La manière dont une prieure quitte la charge dit souvent la manière dont elle l'a vécue, comme un service ou comme un pouvoir.

La tentation peut lui venir, en fin de mandat, par lassitude ou par dépit de débrayer prématurément. Toute tentative de faire sentir aux sœurs  que … est souvent une manière de se regarder soi-même, en quittant la main du Christ.

Il ne faut pas s'étonner : même dans les meilleurs cas il est difficile de quitter une charge, car on a vite pris des habitudes de liberté, et par ailleurs parfois du jour au lendemain on n'existe plus pour personne, hormis Dieu, qui ne change pas.

Prieure une fois, prieure toujours. On emportera dans le silence tout le poids des confidences qui ont été faites, des porte-à-faux avoués, du mystère de chaque vie. Souvent seule la sœur pourra revenir sur tel ou tel secret confié.

 

La vie sacramentelle

L'Eucharistie reste la grande affaire de sa journée comme de sa vie.
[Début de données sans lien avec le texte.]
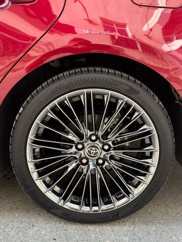 Toyota orijinal yüngül lehimli disklər və təkərlər komplekti - Marka/Model uyğunluğu: Toyota (mərkəz qapaqlarında Toyota loqosu) - Disk ölçüsü: 20" (təxmini; çoxşaxəli, parlaq xrom effektli dizayn...

Toute son action, comme toutes ses impossibilités, sont référées au grand sacrifice enveloppant, celui du Christ rendu chaque jour présent et appelant, par l'Église.

Il est bon que la prieure s'interroge sur la manière dont elle vit le sacrement de réconciliation, manière routinière ou trop épisodique, pour que le Seigneur et les sœurs la trouvent toujours en état de conversion. Elle ne peut entraîner la communauté que si elle y croit elle-même de toute son âme.